Speaking of leaky roofs, ask me about mold and how much that costs to deal with and what a pain in the keister it is. Ask me about stays in hotels while the work is going on. Ask me about potential health risks. Ask me about lawsuits from condo owners who blame the board for not maintaining their buildings up to standards - never mind that it was these very same owners who fought the board every step of the way over assessment increases. And ask me about getting dumped by the community's insurer afterwards and how much insurance premiums are rising.

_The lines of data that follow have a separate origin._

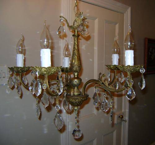 Vintage Italian solid brass and crystal chandelier with five lights. Good condition, all crystals there and wiring good. Hangs 80cm (adjustable with chain) by 55cm wide. This can be posted anywhere in SA with insurance and tracking for R100. Collection in Cape Town always welcome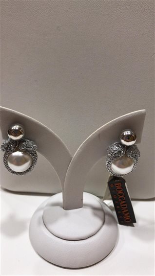ORECCHINI BOCCADAMO DONNA IN BRONZO E TESSUTO ARGENTATO CON PERLA BIANCA SWAROVSKI.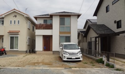 白色の清潔感ある外壁に木目調のフェンスがオシャレなお家

Deal with the roofs, it's cheaper. If I were on the board and we'd been working with a reliable roofing company for years, I may want to talk to them to see if they could finance roof replacement over a few years. It may be less costly than a bank loan, but I'd want to think about possibly misaligned incentives before going this route.

JohnC46 (South Carolina)
Posts: 14,265
Posted:
Peggy

As you can see answers are all over. You have to poor over your docs to see which answer applicable to your association. Remember a Special Assessment and and a dues increase are two different issues. In my association owners must vote on any Special Assessment (such as $2k per year) per unit but our BOD could raise the dues ($166 per month, $2k per year) per unit without owner approval.